Big Law:A Novel(8)

By: Ron Liebman

Belfast born and bred, he had for years been a doorman at a Park Avenue co-op and was far nicer to the children of its wealthy residents than he ever was to his own boys. He was all smiles and gentle comments during the day, while surly drunk and quick with the back of his hand at night.

Our mother tolerated him, staying that hand against his boys only when he lost all control. While she was alive, our dad took her for granted. Her cancer went undiagnosed long enough to bring on a quick death. My dad no longer works. Now he spends both days and nights in a bottle.

Sean, my brother, is the chain that keeps me tethered. He never lets me forget who I am. He’s older by three years. He always looked out for me. Let me fight my own fights as a kid, but I knew he was there for me if I needed him. And now that Sean is broken, I will—no matter what—be there for him.

Honorably discharged from the marines after three combat tours, his right leg saved by battlefield triage, disfigured but workable, otherwise not a mark on him. At least on the outside.

Had Sean’s helmet strap not held, flying shrapnel from the exploding IED would have shorn off the top of his head. But its concussive effect had him lying in the road near the smoldering wreckage of his personnel carrier, immobile, helpless.

He watched the insurgents appear from out of nowhere. Saw them stand over the other two marines who just moments ago had been in the personnel carrier with him. They, too, were still alive, but down like him.

One of the insurgents was holding a gasoline can. Sean watched him pour from it, soaking the other two marines’ fatigues, and then flick on his lighter and toss it at them. He heard their screams of agony. Sean says the smell of their burning flesh is still with him.

He continued watching as one of the insurgents noticed him. Had he been shouting at them? The guy, turbaned, but in jeans and a Gap T-shirt, calmly walked over to Sean, studied him, and then raised his weapon, aiming it point-blank at his face. The guy said something in Arabic as Sean clenched his eyes shut, waiting for oblivion.

The track of automatic-weapons fire from the rescuing helicopter tore into the insurgent before he could finish the job. The others then quickly fled.

Horrible as it was, that wasn’t the worst of it.

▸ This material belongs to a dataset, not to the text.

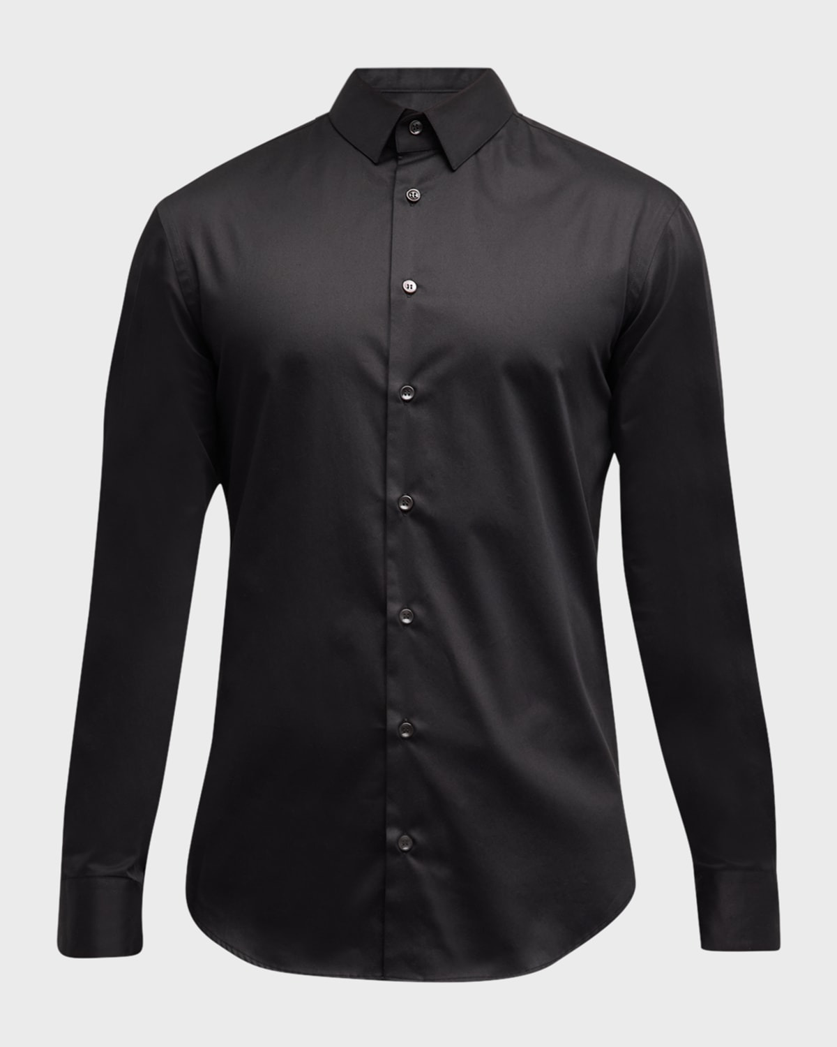- Giorgio Armani sport shirt in solid cotton - Spread collar - Long sleeves; button cuffs - Classic fit - Button-front - Cotton - Dry clean - Made in Italy - Model is 6'1"/185cm.

Days before that patrol, Sean’s commanding officer had ordered him to fire at a young girl coming toward them in the Kandahar province village they were sweeping. The officer was certain she had a suicide vest strapped inside her clothes. He’d shouted at her in English to halt, not one step further. And when the young girl kept walking, he shouted his order to Sean.

Sean fired a quick burst into her, watched as the shells lacerated her body, instantly turning her into a bloody mess.

As she lay there on the ground twitching, Sean approached and used his rifle muzzle to poke at her middle. Nothing. The girl had on nothing but the powder-blue burka typical of women in this region of Afghanistan. She looked about twelve, no older.

Sean’s officer walked away as though nothing had happened. My brother knelt by the girl until she stopped breathing. At one point, just before the officer was out of range, he raised his weapon and sighted it on him but lowered it without firing.

Sean came home and then was set adrift. He goes to the VA from time to time to meet with a military shrink. Can’t see that it’s doing him any good. He’s had a series of jobs. All menial. Hasn’t been able to hold any of them.

My brother’s girlfriend, Rosy, grew up on our block. Same Irish roots. She and Sean fell in love probably in the sixth grade. Rosy was a drunk, and worse, but she truly loved my brother. She lived in the apartment with him and Seamus.

I do date occasionally. Like lots of single people my age who have precious little opportunity to meet someone outside work, I’ve met and dated women through online matchmaker sites. Until the last woman I met, I would have said it was a waste of time.

She was the exception that proved the rule. Really smart. Good-looking. And black.

No, not black Irish. Black black.

Our third time out, I arranged a dinner for us with Sean and Rosy. I chose an upscale restaurant, a place my brother and Rosy would never go to on their own.

That could have been a mistake.


I’m a meat-and-potatoes guy. Sean is, too.